We were in the ‘rubber room’, a space reserved for the interrogation of suspected double agents and other such undesirables; I’d sat in on a couple of sessions here before, during the renewed round of vettings after Philby had made a run for it. This gave me an advantage, of course. The bulb was burning through my eyes, but I knew it was a trick: it had been especially made by a company in Vauxhall to burn that bright, and the things were a devil to get replaced. Apart from the lamp, desk, chairs and a plastic bucket filled with dirty-looking water on the floor, the room was unfurnished, so as to enhance the subject’s isolation and disorientation – but I knew that we were in the soundproofed basement of one of the smarter hotels in West Kensington.
Despite all of this, I was much more afraid than the poor souls I’d seen interviewed here before. Because I was guilty.
Osborne asked me to take a seat, which I did. The chair was cold and too low. I mentally stripped the three of them, visualizing Montcrieff’s pale and bony legs, Osborne with his gut hanging over his belt and Farraday with unsightly moles across his back. It didn’t help much.
‘What’s this about?’ I said, selecting a tone somewhere between irritation and puzzlement. Might as well kick off proceedings. ‘Are you holding me responsible for Wilson’s death? I did everything I—’
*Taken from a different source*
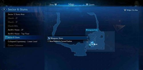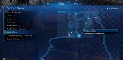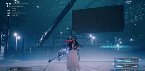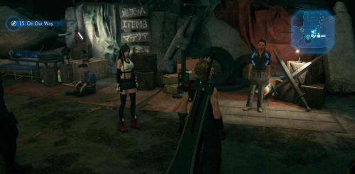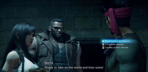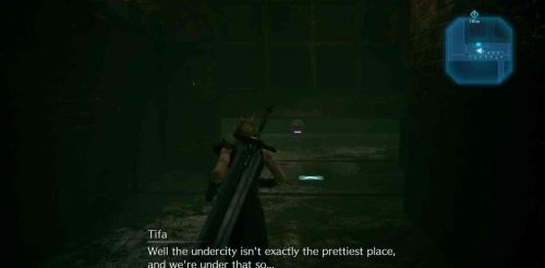 Когда вам предстоит играть за одну лишь Тифу (девушка окажется вдали от Клауда и Баррета), вам нужно будет перепрыгнуть через определенные огни, а затем спрыгнуть в вестибюль. В новом помещении вам предстоит забраться на одну из машин, а затем с нее прыгнуть на несколько стен, чтобы продвинуться по сюжету. Однако вместо того, чтобы подняться по первой лестнице, используйте брусья справа, дабы дойти до фиолетового сундука, в котором спрятано оружие.

‘I’m sure you did,’ said Montcrieff. ‘Thankfully, it wasn’t enough. But that’s just between ourselves. If you don’t tell us what we want to know, we’ll announce that you were the assassin.’
The other two didn’t flinch.
Montcrieff adjusted his cuffs and smiled innocently. ‘What we want to know,’ he went on, ‘is how long you thought you could get away with playing us all for fools.’
‘“Us”?’ I said. ‘Sorry, who the fuck are you again?’ I turned to Osborne: ‘William, I thought this was Service business.’